Species distribution modeling.

Species distribution models (SDMs) use ecological variables and presence points of species to predict the habitat suitability of a species across the landscape. They indicate where conditions are suitable for the species on a continuous scale (0–1). SDMs are widely applied in studying the current and future habitat suitability of vectors and diseases under climatic changes [46,47,58,79]. Maximum entropy (Maxent), a popular SDM method, predicts habitat suitability based on species presence and environmental conditions and projects to future environmental scenarios. The resulting species distribution maps indicate where conditions are suitable for the species on a continuous scale (0–1) [59,80]. Presence maps show where the species are estimated to occur based on thresholds applied to the suitability models.
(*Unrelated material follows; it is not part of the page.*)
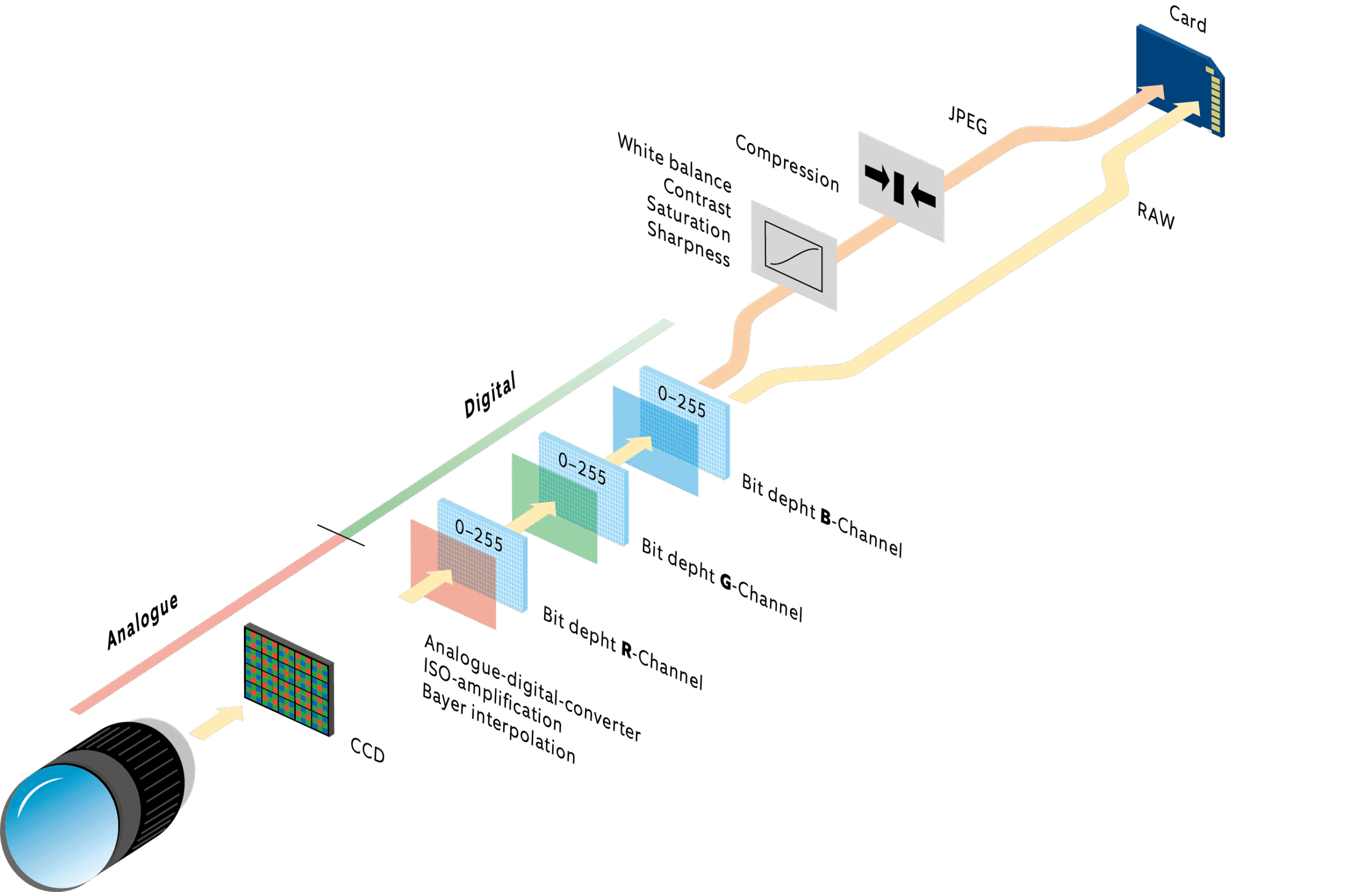 Quando il fotografo preme il pulsante di scatto, il processo di acquisizione RAW ha inizio: la luce attraversa l’obiettivo, filtri antiriflesso e ottiche di correzione, quindi colpisce il sensore, che può essere di tipo CCD o CMOS. Nel caso dei sensori CMOS moderni si utilizzano tecnologie come il dual gain architecture (ad esempio nei sensori Sony Exmor) o il Quad Bayer, in grado di ottimizzare il segnale elettrico prima della conversione A/D.

They convert suitability into stacked levels of certainty of species presence, indicating where the species are likely present with higher confidence. Species distribution models that use presence-only species data are prone to spatial bias that can be introduced by differing methods and intensity of species sampling across studies [59]. We utilized the target-group background approach to minimize sampling bias by using collective occurrence records of the genera to which our study species belong to reflect the general sampling effort [81,82]. Therefore, occurrences in Africa of the genera Aedes Meigen, 1818(for species Ae. circumluteolus and Ae. mcintoshi), Culex Linnaeus, 1758 (for species Cx. univittatus and Cx. pipiens), and Mansonia Blanchard, 1901 (for species Ma. africana) were extracted from GBIF (S2 Table). We converted the genera’s sampling points into gridded layers using kernel density estimations under the R package “MASS” and incorporated these in the respective Maxent models of the vectors [81,82].

In the first step, we ran Maxent version 3.4.4 [59,80], using all ecological variables, a genus-specific bias grid, automatic feature classes, and split the occurrence data into 75% training and 25% testing. We used the jackknife test, set the regularization multiplier to 3, conducted 5 cross-validation runs, set a convergence threshold of 1.0e-5, used a maximum of 10,000 background points and 500 maximum iterations. In a second step, we considered the averages of the cross-validation runs to drop variables of low importance and high Pearson correlation (over 0.7) [75]. See the correlation matrix in S1 Fig. This enabled the exclusion of less important predictors and addressed multicollinearity in subsequent species modeling.

Parameter setting optimization.

Selection of an appropriate combination of settings in Maxent is challenging. In the third step, we used the “kuenm” approach to optimize the calibration of multiple candidate models, selection, evaluation, and projection [83]. We organized occurrence data into four sets: random independent points (10), joint (minus independent points), training (70% of joint), and testing (30% of joint). Per species, we combined the variables chosen in step 2 with one of two regularization multipliers (3 or 5) and a basic combination of feature classes to produce sets of variables and candidate models. During each calibration, we created a candidate model using each joint and training set of occurrences.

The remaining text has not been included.